Technical debt is not a mere topic for the CIO or head of IT. Its business impact makes it a broader strategic issue and as such a topic for the board.
It Is Not Just About Coding
Legacy and New Software: A Technical Debt Recipe
Many organizations intend to increase their competitiveness by continuously adding new products or increasing their service offerings. However, adding and/or expanding features may not be supported by the existing IT architecture and might require integrating new code with existing software. This touchpoint between old and new carries the risk of creating and accumulating technical debt.
Technical debt (TD) is a metaphor coined by Ward Cunningham, one of the authors of the Agile Manifesto. Using the financial terms principal and interest TD explains the impact using non-optimal code has in the long-run. It refers to intentionally or unintentionally prioritizing features or project constraints like deadlines over design of code or system architecture. For example, combining existing or legacy solutions with new applications, or customizing off-the-shelf-software with bespoke adjustments. This may postpone replacing existing code or switching to a whole new code base (i.e., paying the principal) while still enabling the new features. However, such add-ons or combinations of systems make future maintenance more costly (i.e., interest accumulates). It may further make the evolution of the system – to address any future requirements – cumbersome or even impossible without a full rewrite or replacement.

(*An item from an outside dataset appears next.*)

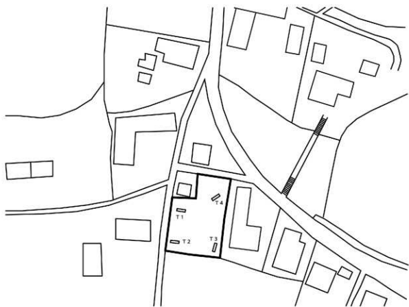
第3図 トレンチ配置図

The increased maintenance costs associated with patchwork code may use up most of an IT budget, limiting the ability of an organization to react to market opportunities, implement new features or innovate in general. These cost increases (i.e., interest payable on TD) are often neglected when a company decides between a fast rollout or additional features and a more future-proof solution that will require higher upfront investment and longer lead-times. While cash-strapped start-ups or other companies working towards a minimum viable product (MVP) in general may want to ignore TD and bring a product in front of their target customers early, the same may not be advisable for established companies with proven offerings in the market.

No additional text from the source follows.